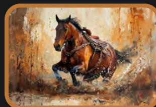
SELVAGEM código 241004
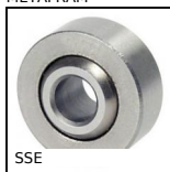
SSE Snodo sferico inox, Inox/PTFE
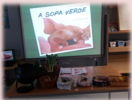
Exploração do livro " A Sopa Verde " que teve como objetivo promover a alimentação saudável (Pré-Escolar, 1º Ciclo e UAM)
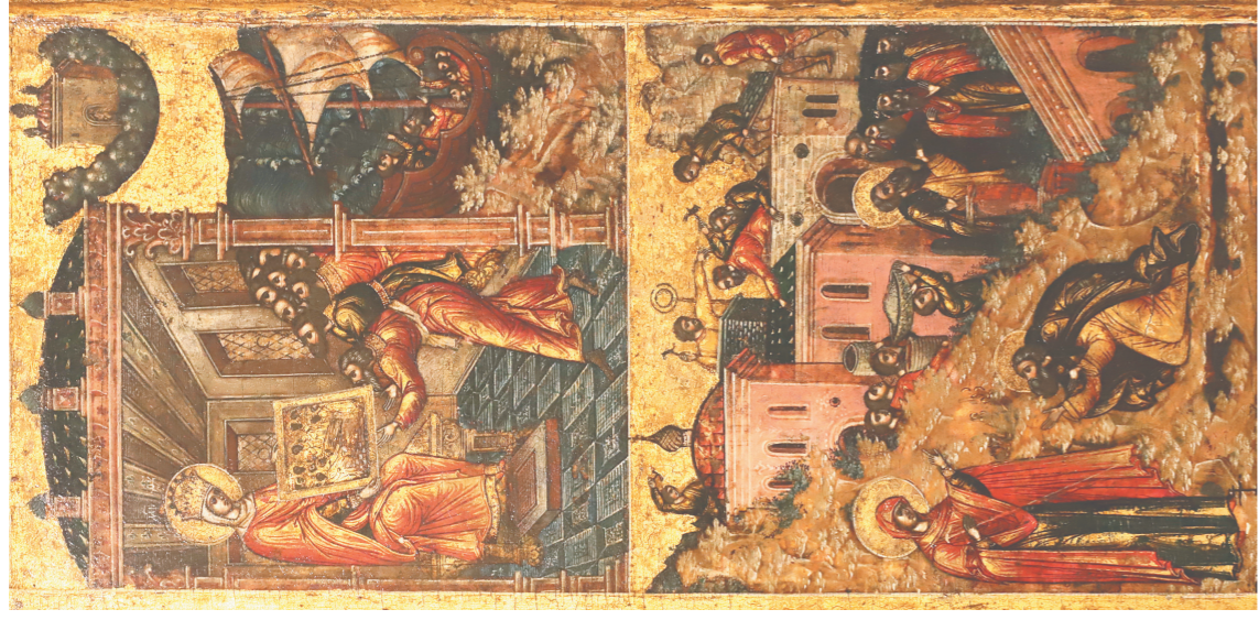
Уникальные миниатюрные иконы XIX века на иконе «Богоматерь на престоле», написанной в XVII веке.

Храм Иоанна Предтечи не изменялся на протяжении веков, не перестраивался. Исключение – центральная глава: изначальная церковь венчала опромная «луковица». В XVIII веке церковь сильно пострадала от пожара, и новую главу решили сделать более вычурной, в стиле барокко. Она прекрасно вписалась в облик храма. На внешних стенах храма можно увидеть все ступени украшения фасадов, известные в XVII столетии. Здесь и лексальный кирпич, и прекрасные полихромные изразцы, и золоченые подзоры, и имитация граненого камня – так называемая роспись под бриллиантовый
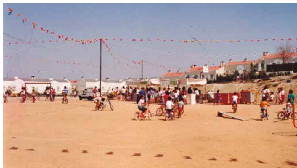
Fiestas de Covibar, 1989.
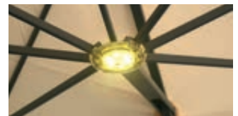
▲ LED Beleuchtung inklusive Fernbedienung
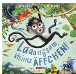
Laaangsam, kleines Äffchen!
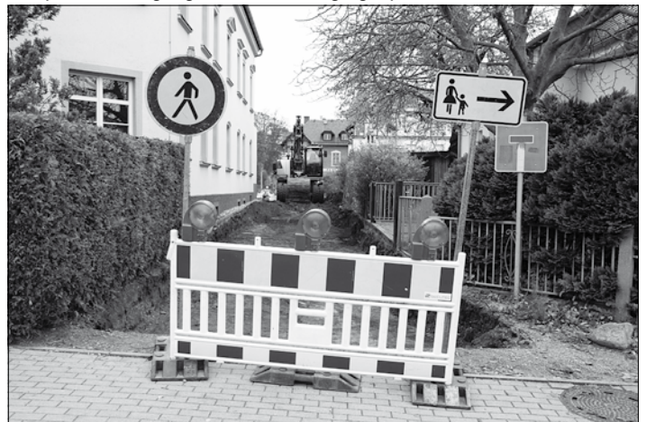
Rückbau der vorhandenen Befestigung auf der Poststraße

Die Firma Frauenrath Bauunternehmen GmbH setzt seit Anfang November die Poststraße wieder instand. Die Straße ist für den Bauzeitraum komplett für Fußgänger und Fahrzeuge gesperrt.
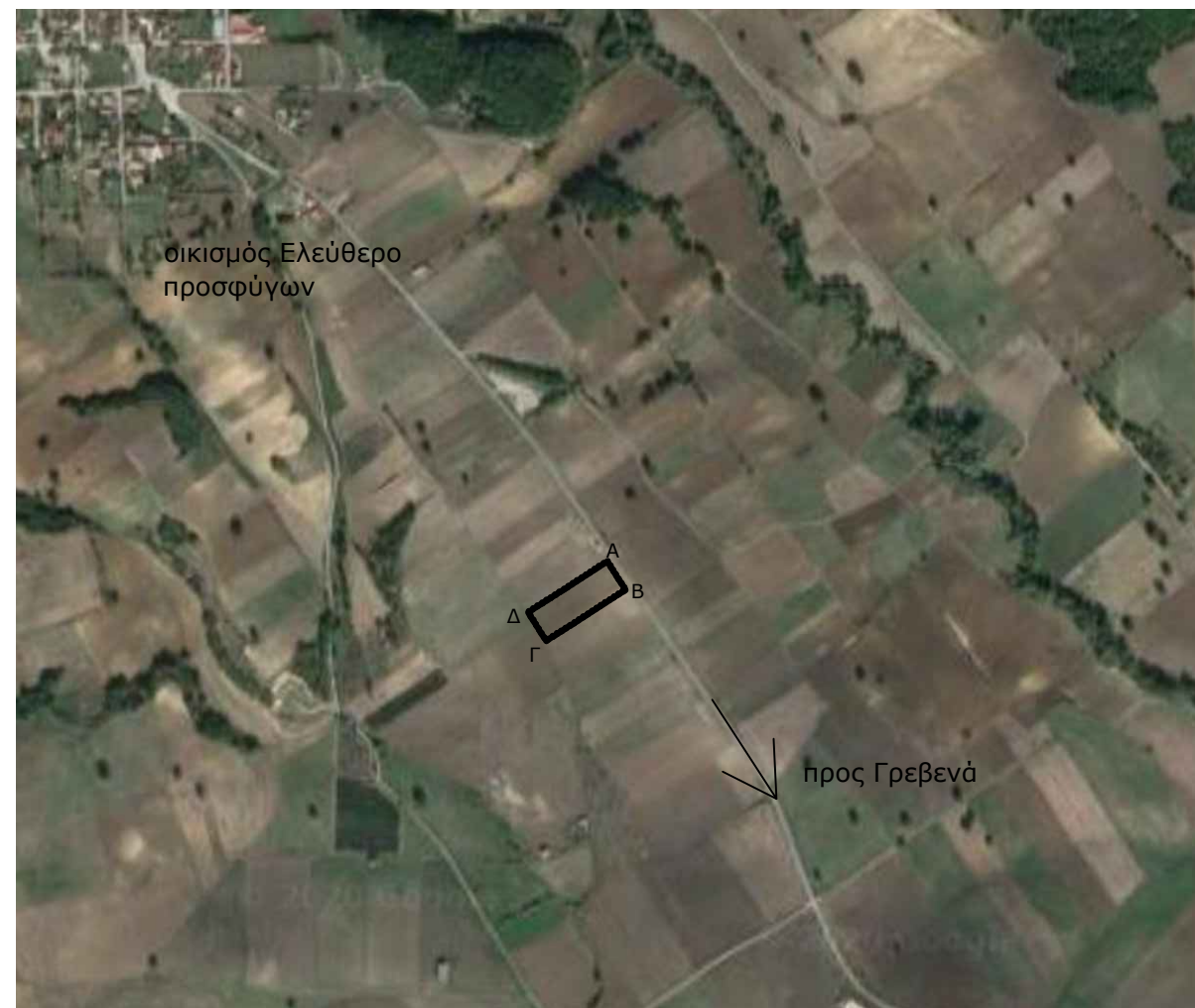
Οδοπορικό ακαρίφημα - θέση κληροτεμαχίου επί αποσπάματος δορυφορικής εικόνας
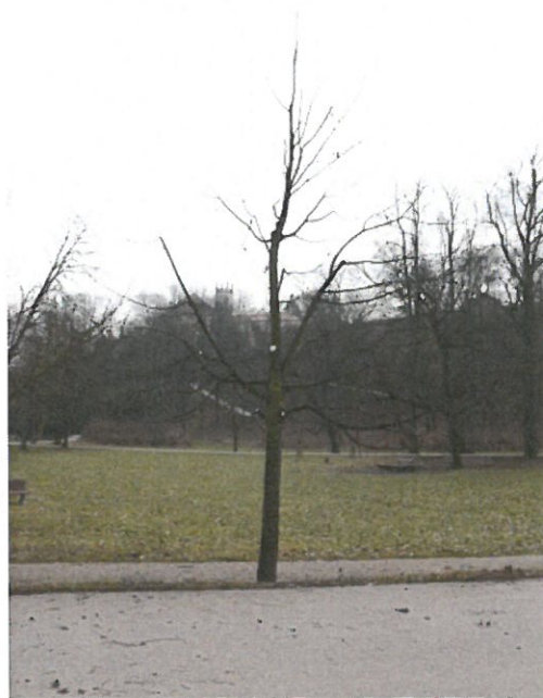
Strom č. 3 – lípa s přehoustlou korunou po zásahu

# ACTIVITY
Among the records above, find each line holding "Poststraße" and list it.

# ANSWER FOR THE TASK
Rückbau der vorhandenen Befestigung auf der Poststraße
Die Firma Frauenrath Bauunternehmen GmbH setzt seit Anfang November die Poststraße wieder instand. Die Straße ist für den Bauzeitraum komplett für Fußgänger und Fahrzeuge gesperrt.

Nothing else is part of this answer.